This is where JQuery comes in. There are several plugins, which I tested (because it was raining today) and here are some thoughts on them.

Jsshare
I had some real problem getting this to work properly, in in the end I gave up on the + button and slide effect and instead opted to simply display all the buttons next to "No comments". I suspect that it might work better with an older version of JQuery (1.8.3) more about how to use a different version of JQuery later.

Screenshot-1

It is very lightweight, I like the concise css, which is makes it easy to customise the look. One can simply replace the icons in the image folder and change background and border however one wants to. In this way I could make it play along nicely with the Diaspora button (the one in the end). It isn't possible to share via any of ones social media accounts (such as tweet via @yourname) and it has google buzz support, does this even still exist?

Sharrre
I like the name! This plugin might be great if you are a web-devloper and need something as customisable as possible. It was easy to add the diaspora button for example. Each social button can have an individual set up in terms of action, color, via, hashtag, count etc. If you know something about javascript, html and css and like to play around you will love it. I just ended up using one of the examples from the page. But it is a nice example.

sharrresharre2

The css is simply added to the main css file of the blog, which means faster loading time of the webpage.


Social-likes

This is by far the easiest to use one does not even need an initialization script. Customisation is difficult, though, the css file is huge and would take more time to work through than I was willing to spent, rain or no rain. I kind of managed to integrate the diaspora button, but it looks a bit clunky.
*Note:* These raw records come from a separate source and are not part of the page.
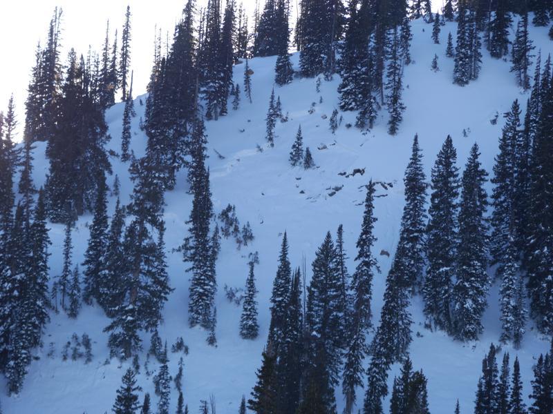 We could see evidence of a large avalanche in the Nose in upper Steep Hollow. Not sure when it happened or if it was remote triggered or a natural. We observed tracks in the area.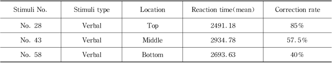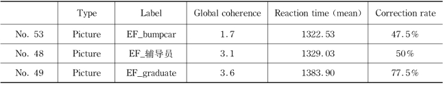 Stimuli 53,48 and 49 are pictures and they form a comparison pair because they differ only in the respect of global coherence while sharing similar degrees in all other respects,such as local coherence,size and location.They appear on the same page actually in the eye-tracking experiment.As shown in Table 7.14,higher score of global coherence leads to longer reaction time and higher correction rate whereas low global coherence corresponds to shorter reaction time and lower correction rate.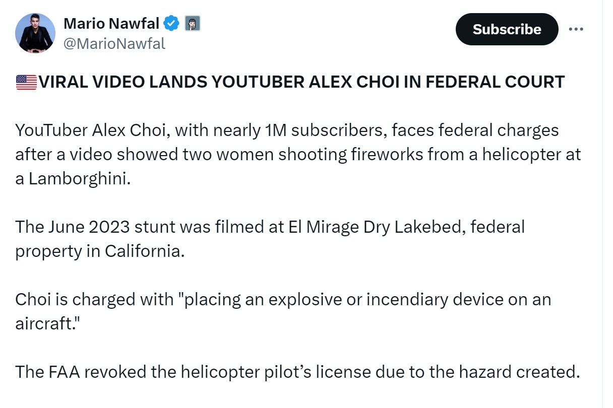 so, apparently, youtuber alex choi is facing federal charges for making a video.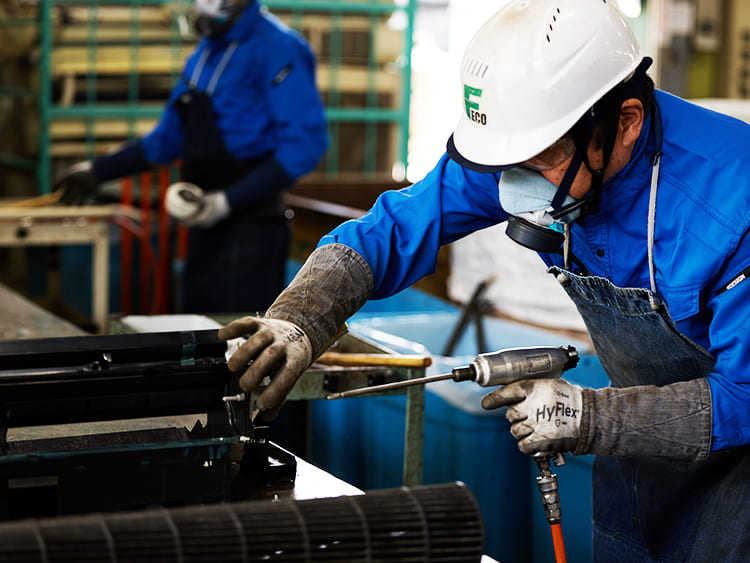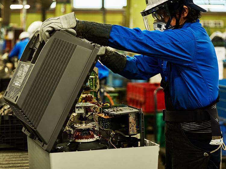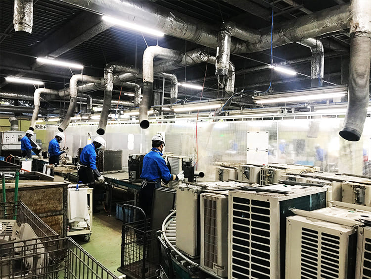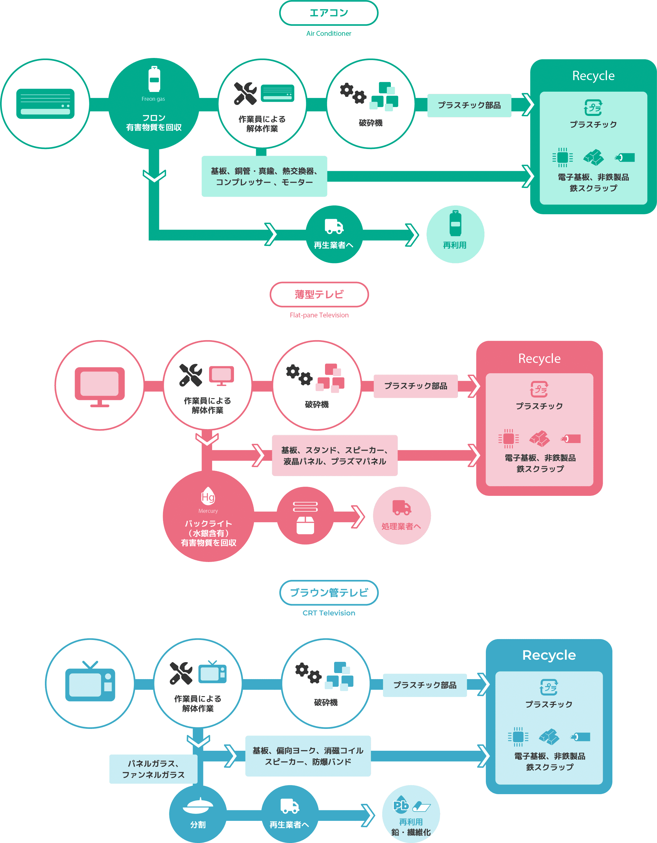 フューチャー・エコロジーでは指定引取り場所から入ってきた「ブラウン管テレビ」「液晶・プラズマ テレビ」「エアコン」を工程ごとに区切って解体を行っております。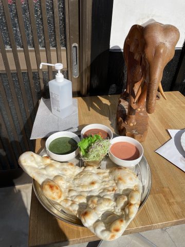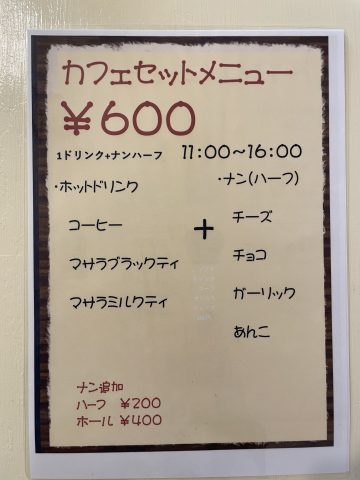 ドリンクとナンのカフェセットメニュー。あんこナンが気になります。カフェタイムにも気軽に利用できるようにとカフェメニューを始めたそうです。
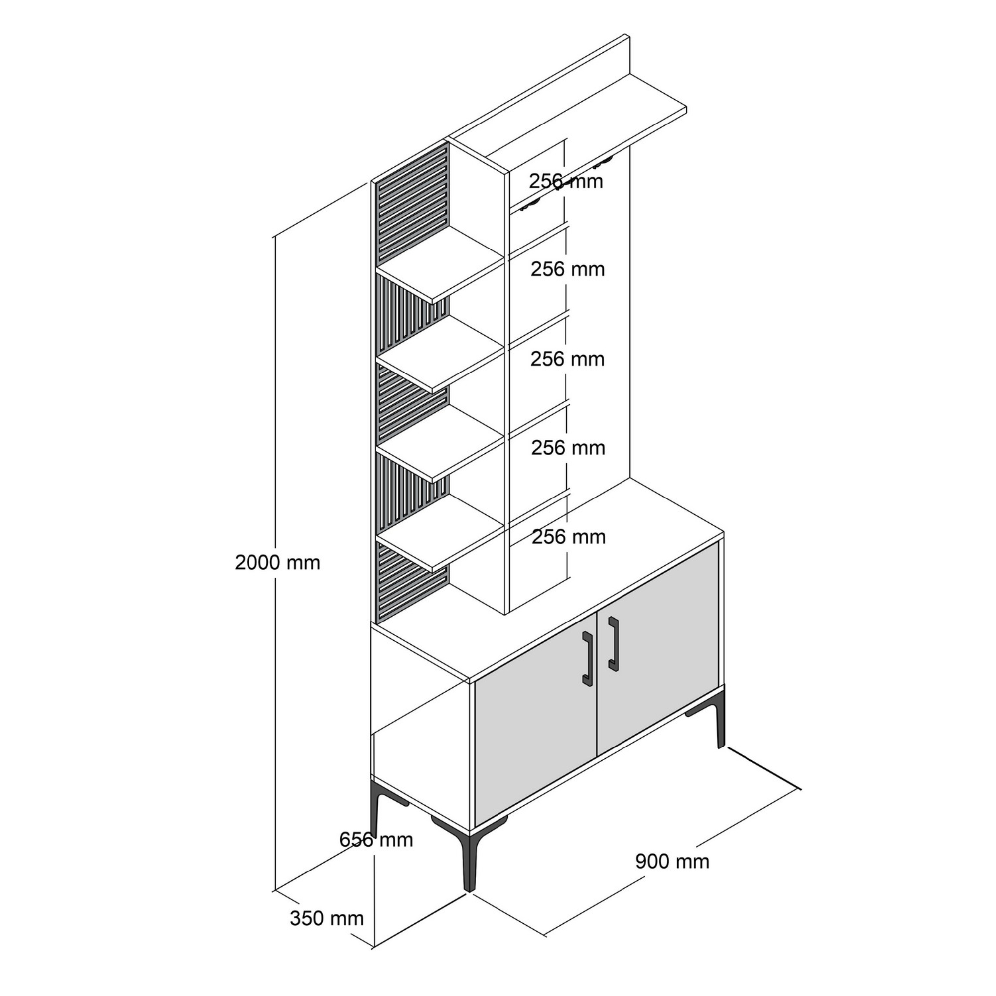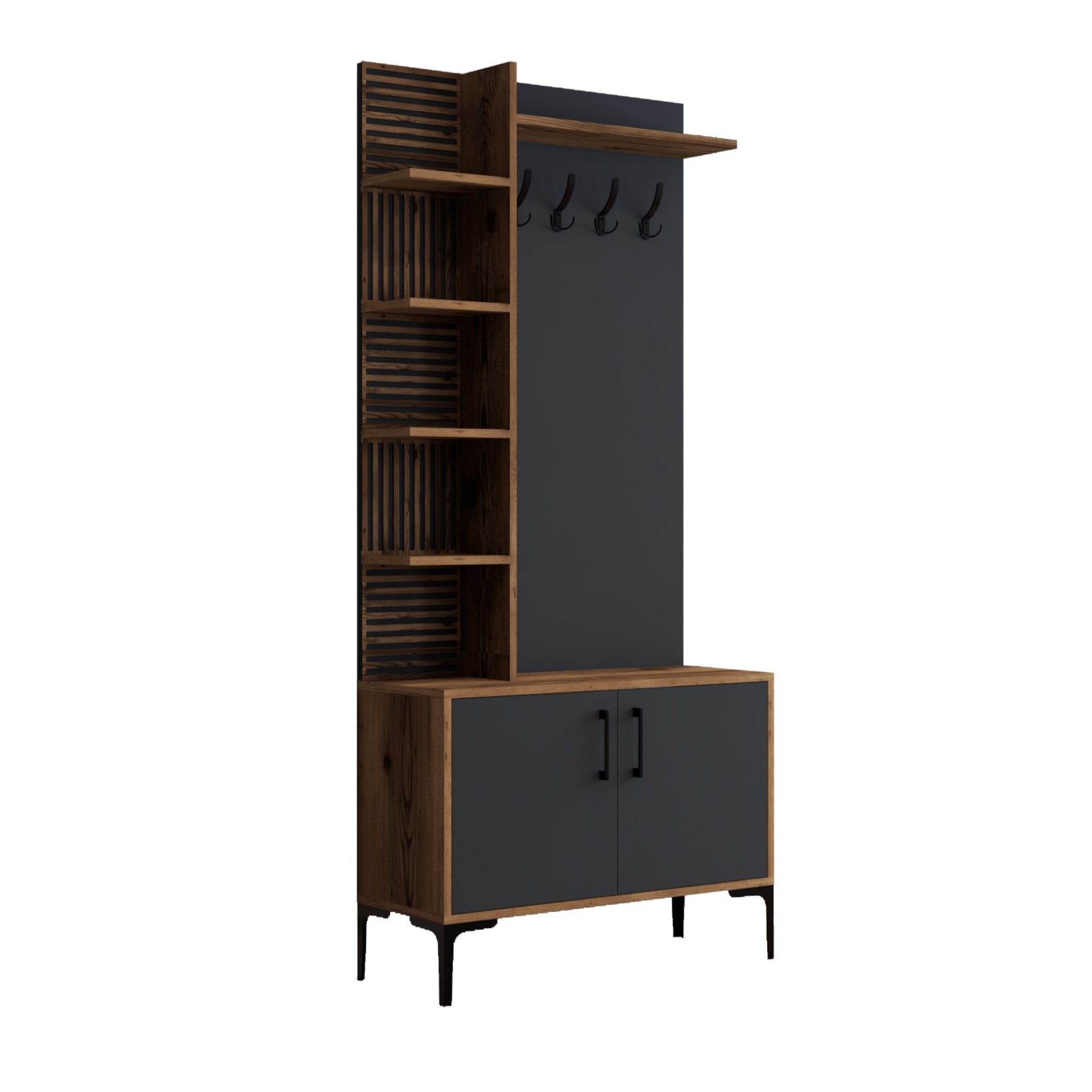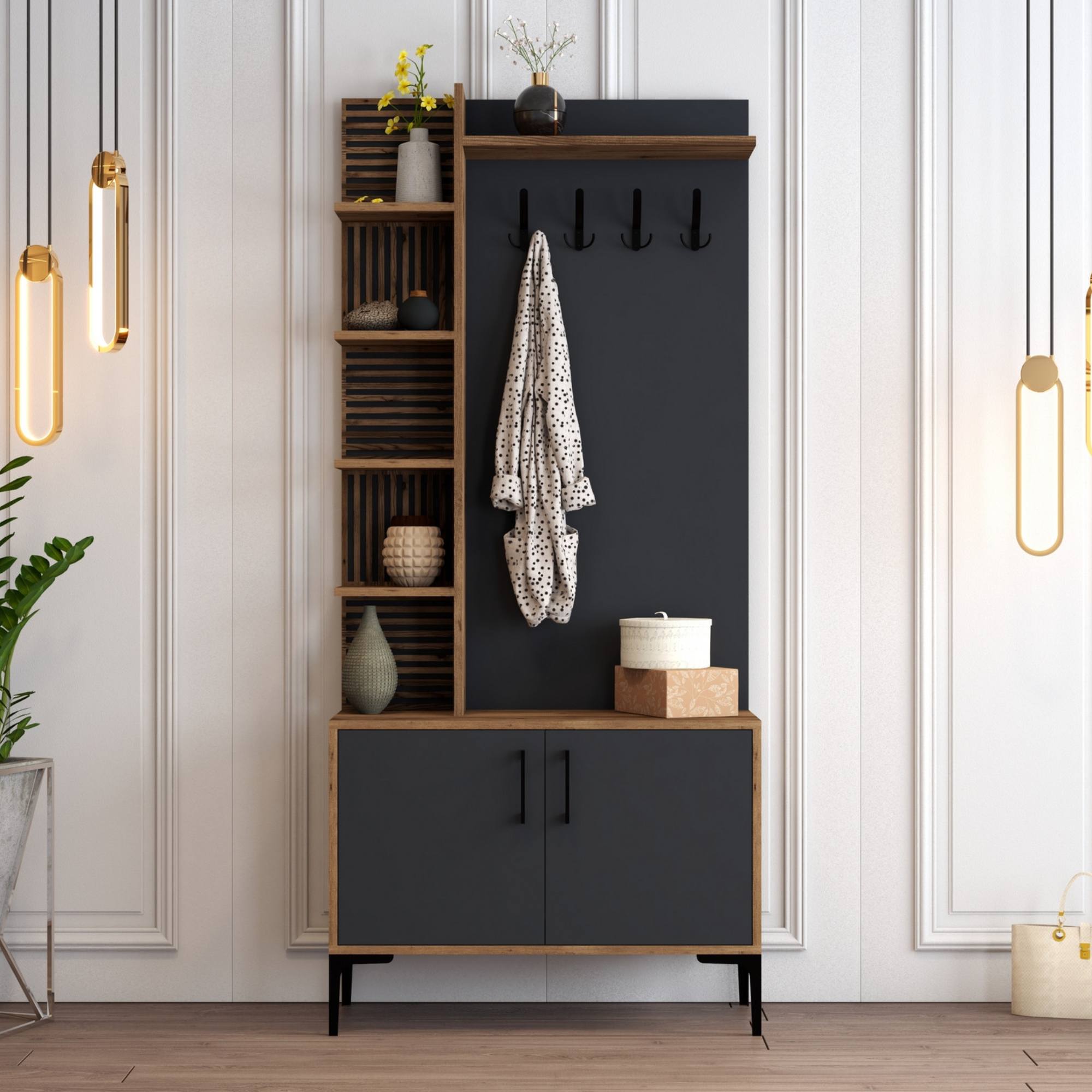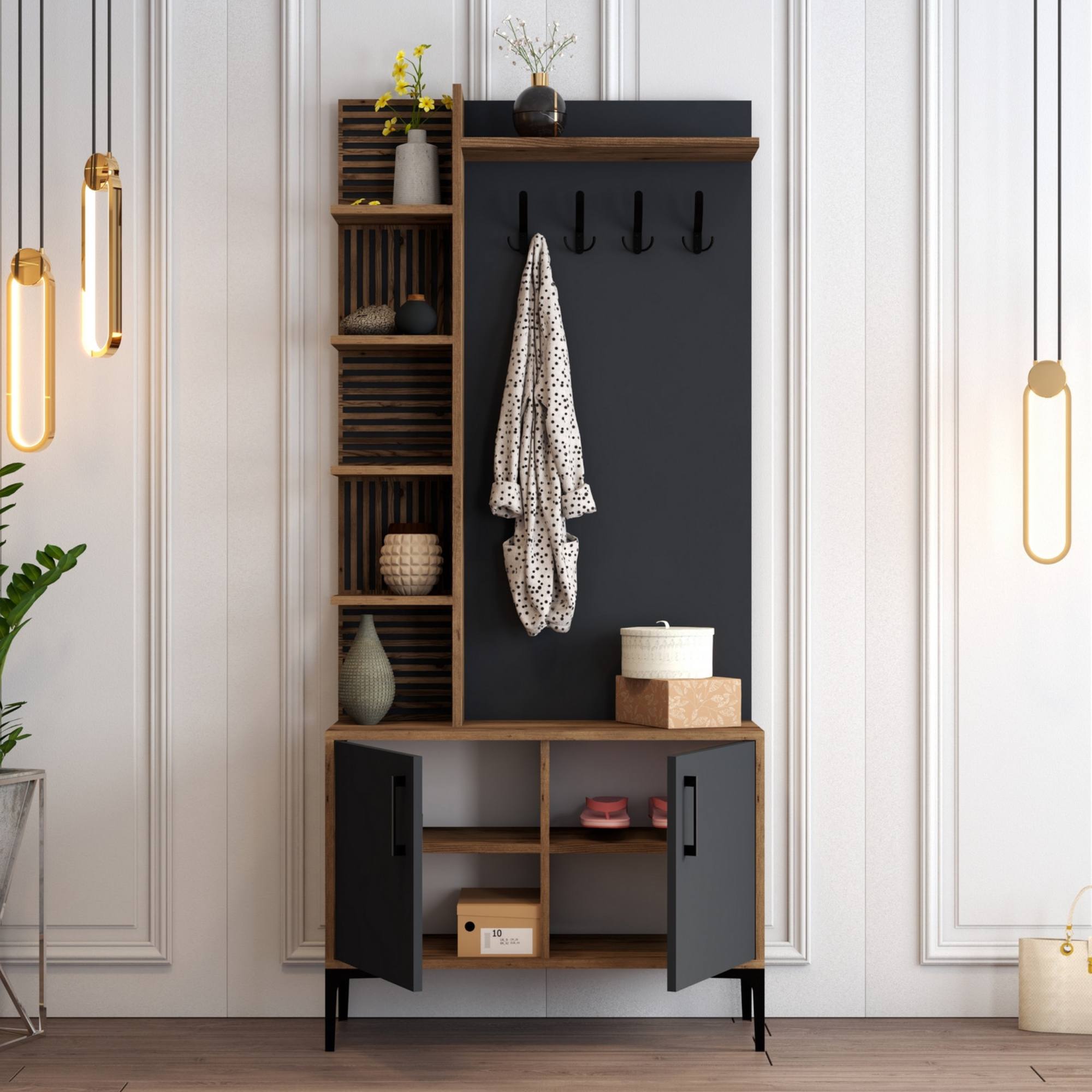 Predsieňová zostava VIYANA ponúka dostatok otvoreného aj uzavretého úložného priestoru, ktorý vám pomôže udržať predsieň organizovanú a upratovanú. Zostava disponuje jednou uzatvárateľnou skrinkou a siedmimi policami. Štyri z nich sa nachádzajú na ľavej strane zostavy, jedna dlhá nad háčikmi a posledné dve sa ukrývajú v skrinke. Často nosené kabáty či bundy si môžete zavesiť na štyri trojité kovové háčiky. Vyvýšené kovové nohy umožňujú bezproblémové upratovanie pod zostavou.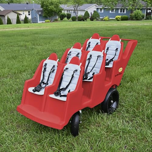 Triple Row Stroller: This 6 seat stroller for kids lets you easily transport up to 6 children, making it ideal for busy daycare centers, preschools, or large families on outings. Each comfortable seat of this toddler stroller holds a child up to 40 lbs.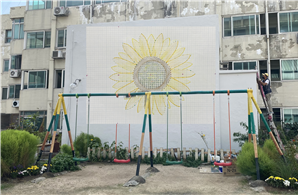 놀이터 그네 뒷면에는 해바라기를 , 도로 쪽  외벽은 홍제천의 자연과 어우러지는 새의 이미지를 형상화 해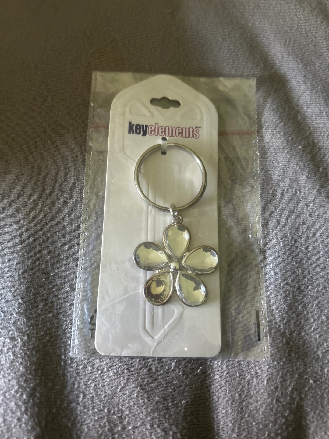 Selling a brand new Key Elements flower keychain still in its original packaging! It's a cute little accessory to add some sparkle to your keys or bag. Would make a lovely gift too! Please note one of the gems on key chain is small , Not sure why but that’s how it came , it is new .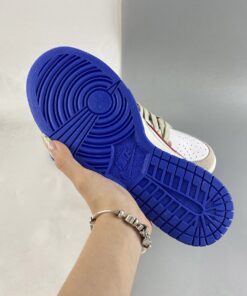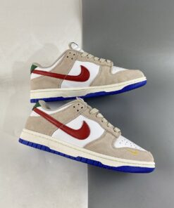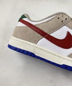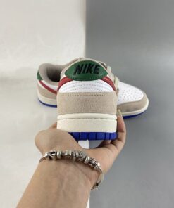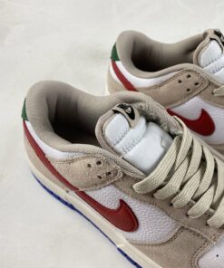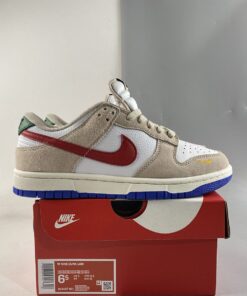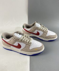 the low-top Nike Dunk emerged in a predominantly “Light Iron Ore” and “White” colorway, with the former tone arriving exclusively via the suede overlays found across the upper. Tumbled leather bases, then, favor the “colorless” hue, allowing accompanying “University Red” and green flair that appears at the profile swooshes and upper heel panel, respectively, to revel in the spotlight. Non-standard miniature swooshes at the lateral forefoot introduce a golden yellow into the mix, while the Air Jordan 1-reminiscent sole units underfoot round out the ensemble with tread clad in a vibrant blue.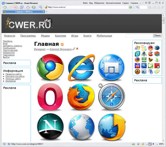 Avant Browser - браузер на основе Internet Explorer для расширения опций браузера и повышения комфортности интернет-серфинга, с отображением всех открытых веб-страниц в одном многовкладочном окне, автозакрытием рекламных окон, быстрым отключением / включением загрузки графики, удобным удалением временных интернет-файлов, интеграцией с поисковиком Google, скинами и сменными кнопками, подключением средней кнопки мыши, управлением мышью и т.д. Интерфейс меняется скинами (с домашней страницы можно скачать программку для создания своих собственных скинов).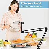 - Overhead Tripod Mount Articulating Arm, Cell Phone Holder Video Webcam Stand Lazy Arm Clamp Table Desktop Suspension Scissor Arm StandFeature:① 【Strong Compatibility】This overhead video stand features with 1/4 inch screw ball head, which has wide compatibilities, fit well with smartphone clamps, microphones, lights, action cams, 5" monitors, webcams, etc. ②【Super Flexibility】 With 360° universal ball head, extendable, 180° adjustable and 360° rotatable suspension scissor arm, 240° up and down head, this overhead tripod mount is extremely flexible, you can clamp it at anywhere you want, super convenient. ③【Durable and steady】Made of robust metal material, this overhead filming equipment is very sturdy. Double-braced arms with suspension springs on each boom arm make it more sturdy and without shaking or dropping when filming your videos. ④【86cm/33.86" Length】The articulating arms can extend up to approximately 86cm/33.86"; Phone holder can fit smartphone wide from 55mm to 85mm (2.16-3.45inch); Max load weight is Approx.0.56Kg; The mounting base fit the desktop, table, sideboard maximum thickness 4.5cm/1.77". ⑤【Wide Application】The overhead arm comes with cell phone clip and 1/4” screw universal ball head, easy to assembly and clamp to the desk. It’s perfect for filming overhead videos or taking pictures and can be widely used in drawing, down-facing crafting, art, cooking, etc.Specification:Material: Stainless Steel+ ABSWeight:400gLength:33.86 inchesAfter-sales ServiceAll product sold by our store can enjoy 12-month replacement to ensure and lifetime friendly customer service. if you have any issues about our products,Welcome to contact us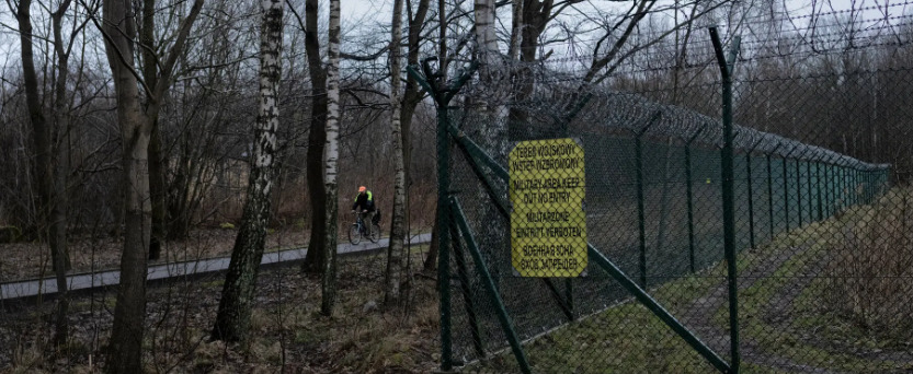 The base perimeter at the Redzikowo forest in February. The Keep Out sign is in Polish, English, German and Russian. Loudspeakers along the perimeter broadcast “The Star-Spangled Banner” every day.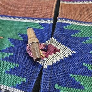 Vintage Museum of Fine Arts Boston Aztec print vest. Woven design on front with solid black back. Wood toggle button close and front pockets. Adjustable strap on back for the perfect fit. Material is 100% cotton. Made in Guatemala.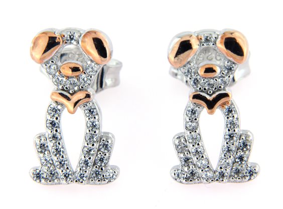 ORECCHINI ARGENTO 925 CON ZIRCONI A FORMA DI CAGNOLINO

social-likessocial-likes2social-likes3

PrettySociable
It is pretty and easy to set up. Other than the pictures and background colour, I don't think there is any customisation. I like that it appears as a simple link on the page and thus does not get in the way, unless it is used, but I don't know if it is usable on mobile devices.

prettys1prettys2

It does not work with JQuery 1.9.1, so you would have to open sub.pl in a text editor, go to line 461 and change "1.9.1" to "1.8.3".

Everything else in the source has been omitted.